Cypress, CA--Christie, a developer of digital cinema projectors, will supply and install what it calls the world’s first permanent commercial digital laser-projection installation at the Seattle Cinerama Theatre (Seattle, WA). The purchase order is for a 4K projector with light output scalable up to 60,000 lm. Christie, which is owned by illumination specialist Ushio (Tokyo, Japan), recently received the first US FDA approval of variance allowing the sale of laser projectors for use in a cinema.
Site scoping and technical evaluations will begin now (August, 2013), with an anticipated switchover from conventional digital projection to the digital-cinema laser projector planned for early next year.
In 2012 Christie demoed a 72,000 lm prototype laser projector in Beijing, China, as well as a 4K prototype in Amsterdam, The Netherlands.
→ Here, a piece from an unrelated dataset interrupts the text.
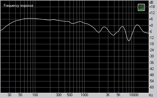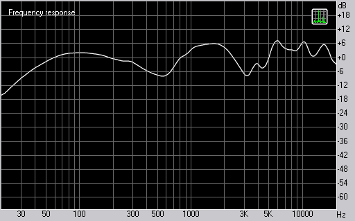 На измеренном графике АЧХ мы видим неравномерность, составляющую ± 8 дБ в диапазоне 30–20 000 Гц. На графике можно видеть три ярко выраженных подъема, на низких, средних и высоких частотах.

For two weeks beginning March 28, 2013, Christie joined forces with AMC and Paramount Pictures to project "G.I. Joe Retaliation" in what Christie called the first commercial exhibition of a 3D movie at brightness levels of 14 foot-lamberts (ft-L) using laser projection. Christie wants to introduce a range of laser projectors for digital cinema, pro audio-visual (AV), and visualization and simulation markets, starting in 2013.
Christie's competitors include Eastman Kodak (Rochester, NY), which has formed a strategic alliance with Barco (Brussels, Belgium) to combine and sell the two companies' digital-cinema technologies, and which has licensed its laser-projection technology to IMAX; and Laser Light Engines (Salem, NH), which has developed an ultrabright universal red-green-blue (RGB) laser-illumination system that includes a speckle-free green laser.
In the mid-1990s Paul Allen, who cofounded Microsoft with Bill Gates, bought Seattle's historic Cinerama Theatre to keep it from devolving into a rock-climbing club, dinner theater, or worse (a parking lot). Paul Allen's investment company, Vulcan, renovated the theater, refurbishing the interior and exterior and installing state-of-the-art sound and projector systems. The theater has been open since April 22, 1999.